HOW TO COMPLETE THIS TASK –
Repeat the data in full. Drop every picture.

COLLECTED MATERIAL –
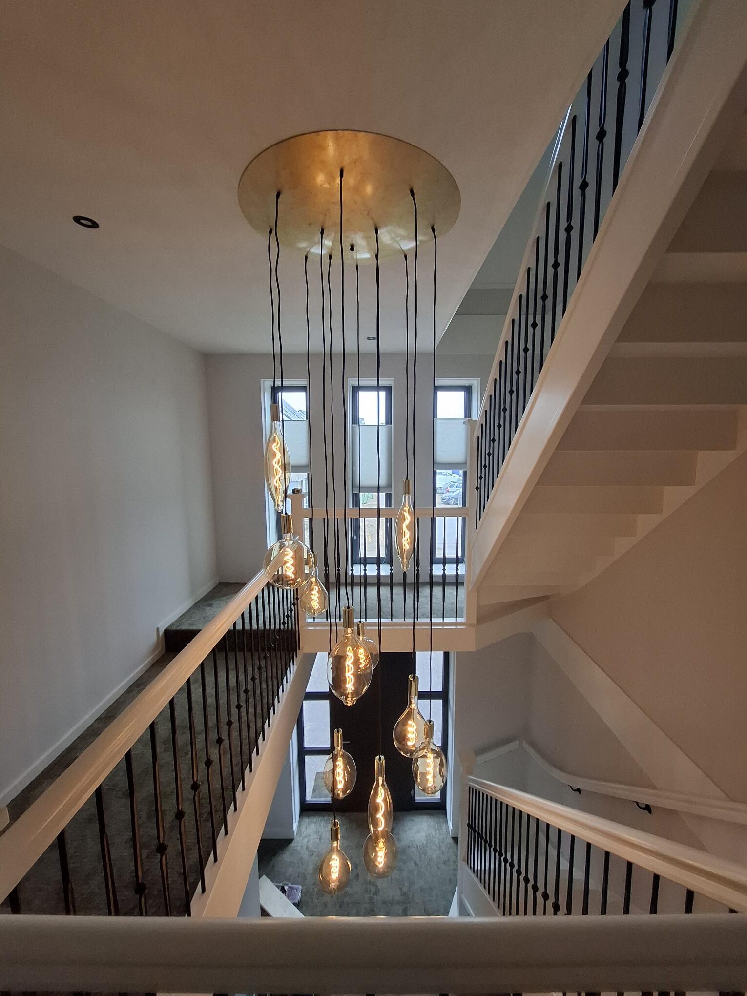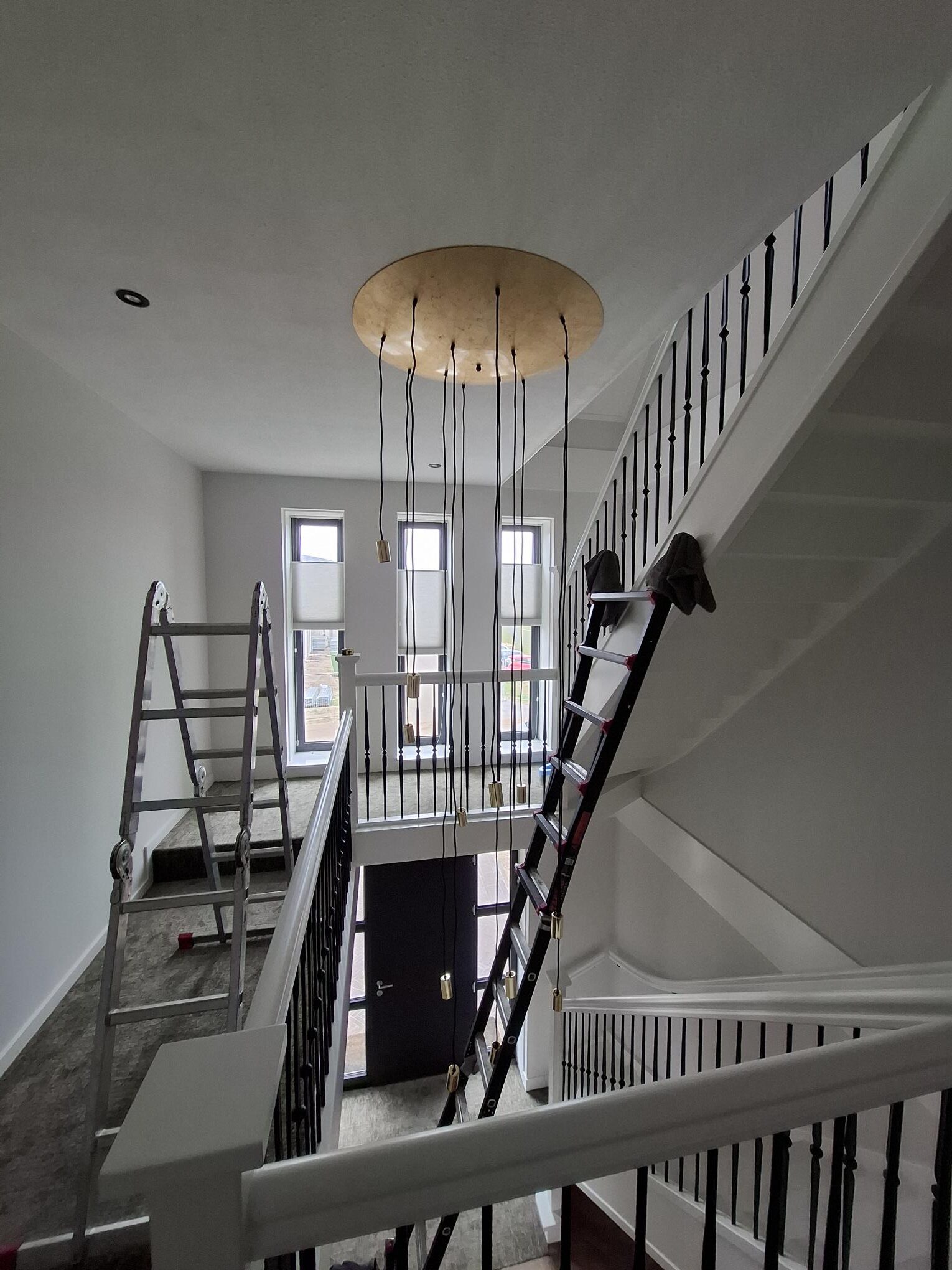 Voor deze opdrachtgever hebben wij een designarmatuur opgehangen. De vide waar de armatuur moest komen te hangen was hoog. Gelukkig was het met de ladder mogelijk om bij de aansluiting te kunnen. Na veel inspanning is het gelukt om de armatuur te monteren. Na het monteren hebben wij de lampen afgesteld op de juiste hoogte voor de vrouw des huize.
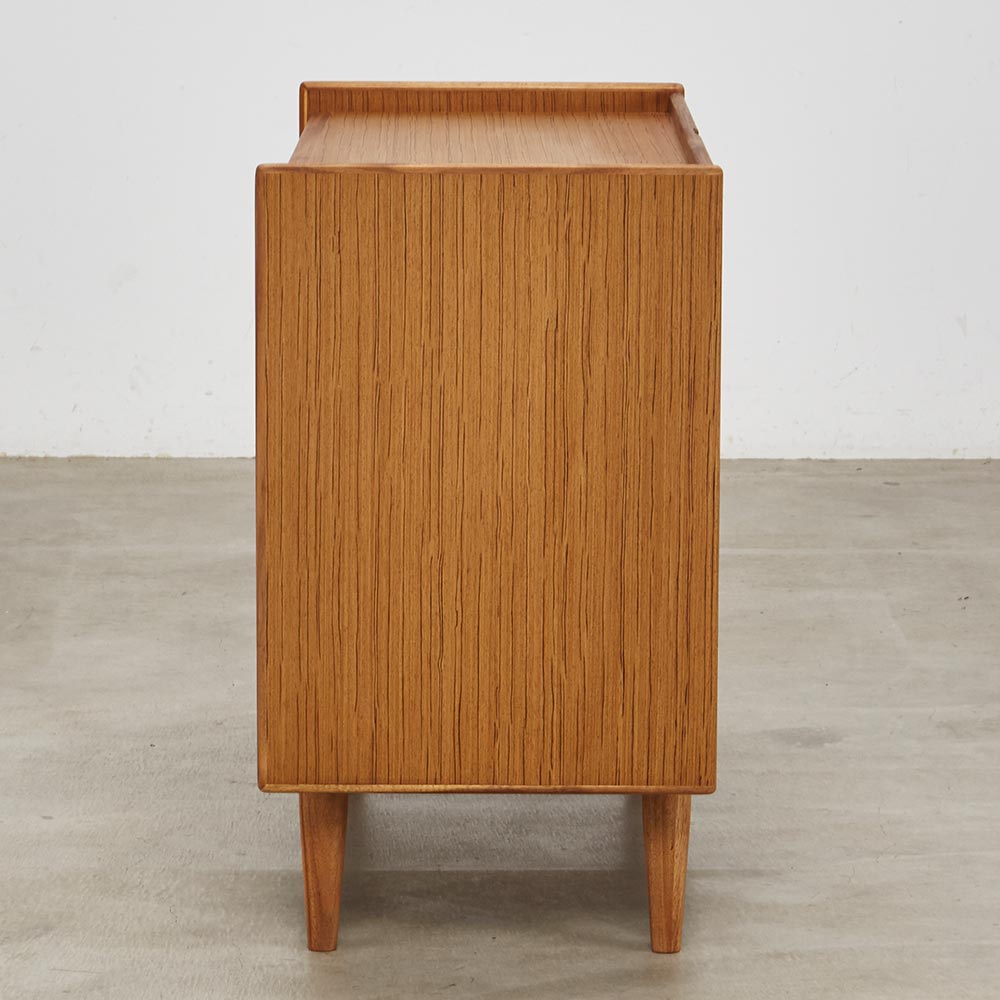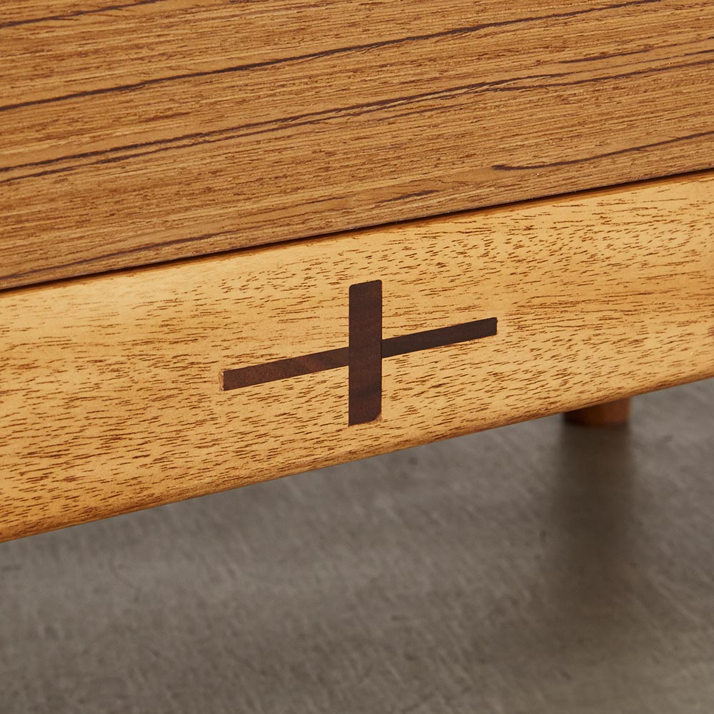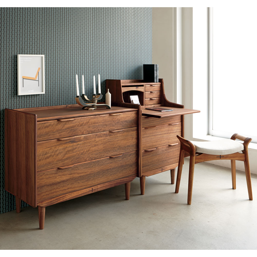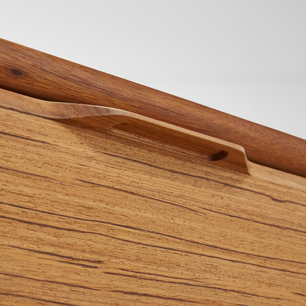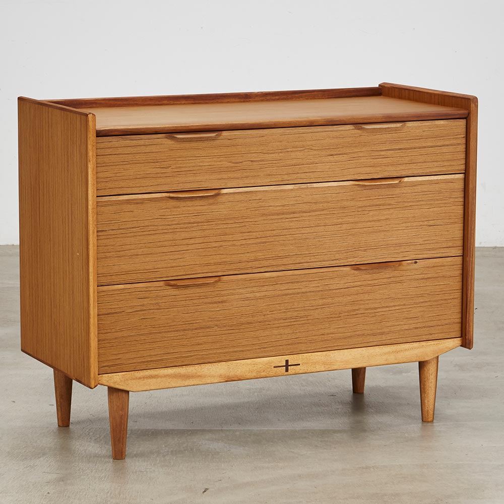 北欧ヴィンテージ家具のディテールを踏襲しながら、日本の住宅事情で使いやすいサイズに仕上げた収納家具。本物の北欧アンティーク家具に多用されている人気のチーク材を使用しているので、スカンジナビア風のお部屋コーディネートにお勧めです。人気の北欧ヴィンテージスタイルを彷彿とさせるデザイン収納家具●北欧ヴィンテージ家具のディテールにこだわったチークの木目が美しい突き板仕様。●アンティーク調デザインと天然木の素材感を存分に味わえるリビングチェストです。●角の丸み加工も、北欧スタイルのやさしい表情を見せます。●柔らかい曲線で手になじむ取っ手、テーパードした脚などレトロなデザインが詰まっています。●深みのある色と質感で北欧スカンジナビアンスタイルの家具やお部屋コーディネートにおすすめです。●北欧スタイルのインテリアや雑貨は和にも馴染む人気のインテリアスタイルです。●人気のインテリアグリーンとも相性がよく、清々しいスカンジナビアンスタイルを叶えます。●見て触ってやさしく、天然木の温もりを楽しめるおすすめの家具シリーズです。チーク材の質感を最大限に引き出す仕上げにこだわりました●荏胡麻オイルフィニッシュを施し、天然木の魅力ある表情や色・質感をお楽しみいただけます。●荏胡麻オイルは化学塗料と異なり、木が家具となってからもずっと呼吸を続けることができます。また人への安全性も高い天然素材のオイルです。●木はひとつひとつその表情が異なり、年月を重ねるとさらに木目や節が馴染み変化します。●使い込んで味わい深く変わっていくのをお楽しみいただけるヴィンテージデザイン家具です。収納家具として使いやすい機能性を備えています●引き出しの2段目と最下段はフルスライドレール仕様で奥の収納物まで見渡せます。●引き出しはあり組仕様でしっかりとした強度のあるつくりです。●最上段の引き出しは仕切り付きでリビング小物などを分類して収納できます。●天板奥にはコード穴を設けており、照明などの家電類を置いて配線がしやすい仕様です。
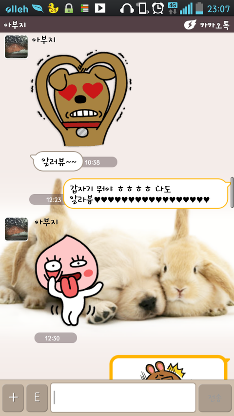 울 아빤 지금 중국에 계시는데 오늘 카톡이와서 봤더닝
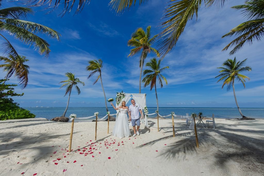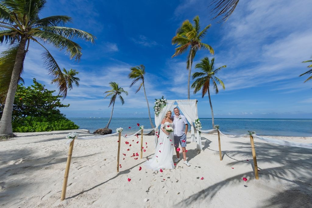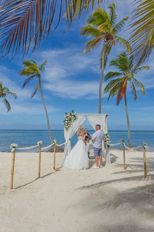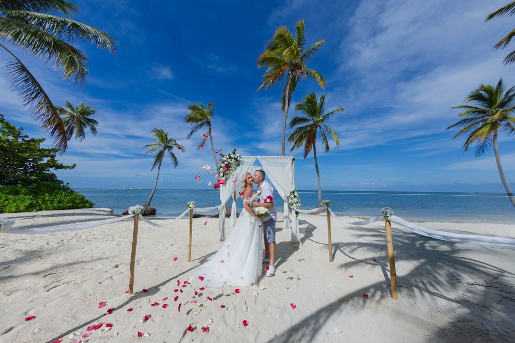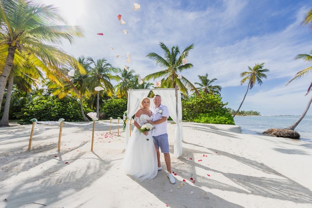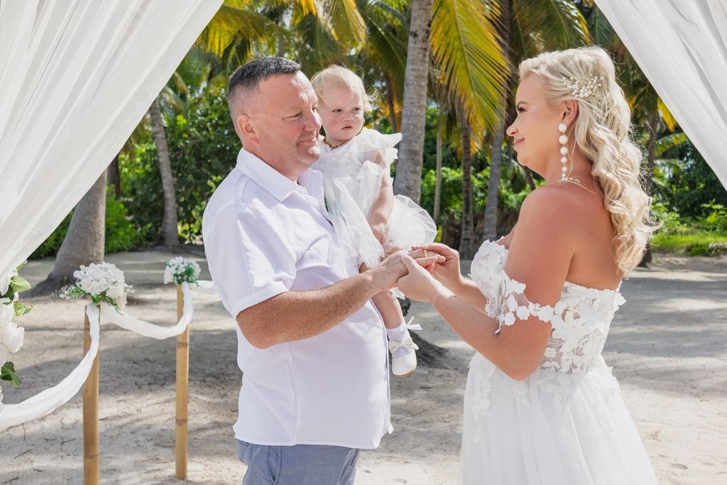 Beach wedding Punta Cana: the couple celebrated on the shore with their 1.5-year-old daughter, a bamboo arch, white linens and white flowers. The turquoise sea, soft white sand and lush palms created a calm, joyful setting.

SOLUTION FOR THIS TASK –
 Voor deze opdrachtgever hebben wij een designarmatuur opgehangen. De vide waar de armatuur moest komen te hangen was hoog. Gelukkig was het met de ladder mogelijk om bij de aansluiting te kunnen. Na veel inspanning is het gelukt om de armatuur te monteren. Na het monteren hebben wij de lampen afgesteld op de juiste hoogte voor de vrouw des huize.
 北欧ヴィンテージ家具のディテールを踏襲しながら、日本の住宅事情で使いやすいサイズに仕上げた収納家具。本物の北欧アンティーク家具に多用されている人気のチーク材を使用しているので、スカンジナビア風のお部屋コーディネートにお勧めです。人気の北欧ヴィンテージスタイルを彷彿とさせるデザイン収納家具●北欧ヴィンテージ家具のディテールにこだわったチークの木目が美しい突き板仕様。●アンティーク調デザインと天然木の素材感を存分に味わえるリビングチェストです。●角の丸み加工も、北欧スタイルのやさしい表情を見せます。●柔らかい曲線で手になじむ取っ手、テーパードした脚などレトロなデザインが詰まっています。●深みのある色と質感で北欧スカンジナビアンスタイルの家具やお部屋コーディネートにおすすめです。●北欧スタイルのインテリアや雑貨は和にも馴染む人気のインテリアスタイルです。●人気のインテリアグリーンとも相性がよく、清々しいスカンジナビアンスタイルを叶えます。●見て触ってやさしく、天然木の温もりを楽しめるおすすめの家具シリーズです。チーク材の質感を最大限に引き出す仕上げにこだわりました●荏胡麻オイルフィニッシュを施し、天然木の魅力ある表情や色・質感をお楽しみいただけます。●荏胡麻オイルは化学塗料と異なり、木が家具となってからもずっと呼吸を続けることができます。また人への安全性も高い天然素材のオイルです。●木はひとつひとつその表情が異なり、年月を重ねるとさらに木目や節が馴染み変化します。●使い込んで味わい深く変わっていくのをお楽しみいただけるヴィンテージデザイン家具です。収納家具として使いやすい機能性を備えています●引き出しの2段目と最下段はフルスライドレール仕様で奥の収納物まで見渡せます。●引き出しはあり組仕様でしっかりとした強度のあるつくりです。●最上段の引き出しは仕切り付きでリビング小物などを分類して収納できます。●天板奥にはコード穴を設けており、照明などの家電類を置いて配線がしやすい仕様です。
 울 아빤 지금 중국에 계시는데 오늘 카톡이와서 봤더닝
 Beach wedding Punta Cana: the couple celebrated on the shore with their 1.5-year-old daughter, a bamboo arch, white linens and white flowers. The turquoise sea, soft white sand and lush palms created a calm, joyful setting.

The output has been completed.